Although MDMA has become a more widely used drug by those in search of feelings of emotional warmth, mental stimulation, and decreased anxiety, according to the National Institute on Drug Abuse, the use of ecstasy, or MDMA, the post-high effects can be quite the opposite. Reported undesirable effects post-MDMA use include feelings of anxiety, restlessness, irritability, sadness, aggression, and sleep disturbances (MDMA Abuse). These effects that come after the use of MDMA are exactly what PTSD patients are trying to avoid and recover from. Along with MDMA, the use of marijuana also poses several threats to one’s mental state. Similar to that of ecstasy, the use of marijuana may have pleasant effects such as feelings of happiness, calmness, and sleepiness. However, according to WebMD, there are quite a few negative effects that marijuana use can have on the mind and body. Some of these consequences include paranoia, anxiety, and depression. Just like MDMA, these are the same feelings PTSD patients are attempting to relieve themselves of. Besides these short-term effects, prolonged use and then stopping use can cause sleeplessness, one of the many reasons medical marijuana users claim to need the drug for. Why would someone who is trying to decrease these negative feelings engage in an activity that will eventually intensify all of those symptoms? 

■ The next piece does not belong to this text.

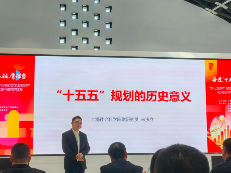 11月27日,上海社科院青年讲师团副团长来庆立副研究员受团上海市委邀请,在“奋进‘十五五’青春挺膺担当”“沪上青声”新青年微宣讲暨“光荣之城青年行”2025 年上海青少年红色大寻访活动中,在虹桥源为现场青年讲授《中共中央关于制定国民经济和社会发展第十五个五年规划的建议》的主要内容,来庆立从历史视角出发,系统梳理了我们党从“一五”计划开始,通过五年计划形式,不断探索社会主义现代化道路的历史进程,用历史叙事的方式分析了“十五五”规划建议的重大意义。

With more and more veterans coming back home to the United States with signs and symptoms of posttraumatic stress disorder, alcohol and substance abuse in veterans is an important topic that must be addressed. Soldiers suffering from severe PTSD symptoms are turning to substance abuse in attempts to find a sense of relief from the severe negative feelings being dealt with, and the memories of traumatic experiences they lived through while in combat. The men and women in discussion are America’s heroes and deserve more than to be left in the streets struggling with drug and alcohol addiction, mixed with severe nightmares and anxiety, among other PTSD symptoms. These men and women experienced and lived through traumatizing events on a daily basis, when just one of these events would be enough to give a “normal” person symptoms of PTSD. As previously explained throughout the evidence mentioned above, alcohol and drugs have a significant impact on one’s mind and body. The effects of alcohol can interfere with therapy treatment, making it more difficult for mentally wounded veterans to heal and feel a sense of normalcy after a period of such anguish. In addition, the study done by Abigail C. Angkaw and other researchers provided evidence that while alcohol use may numb some of the symptoms of PTSD, eventually one’s quality of life will diminish. Beyond alcohol abuse, there are studies which suggest that the use of drugs, including marijuana and MDMA, can potentially provide relief to veterans suffering from PTSD. Angkaw and her fellow scientist’s research is contradictory to the research of the actual effects that drugs have on the body in the long term. Researchers are now claiming that these drugs can help individuals that are suffering from PTSD, but the long term effects of each drug show that the short term benefits of MDMA and marijuana use are not realistic. The short term relief that is felt by someone after using MDMA and marijuana does not outweigh the eventual negative effects that will mimic PTSD. As proven through the evidence portrayed throughout this paper, when veterans and soldiers suffering from posttraumatic stress disorder engage in the abuse of alcohol and drugs, their recovery process will be lengthened, quality of life lowered, and health diminished.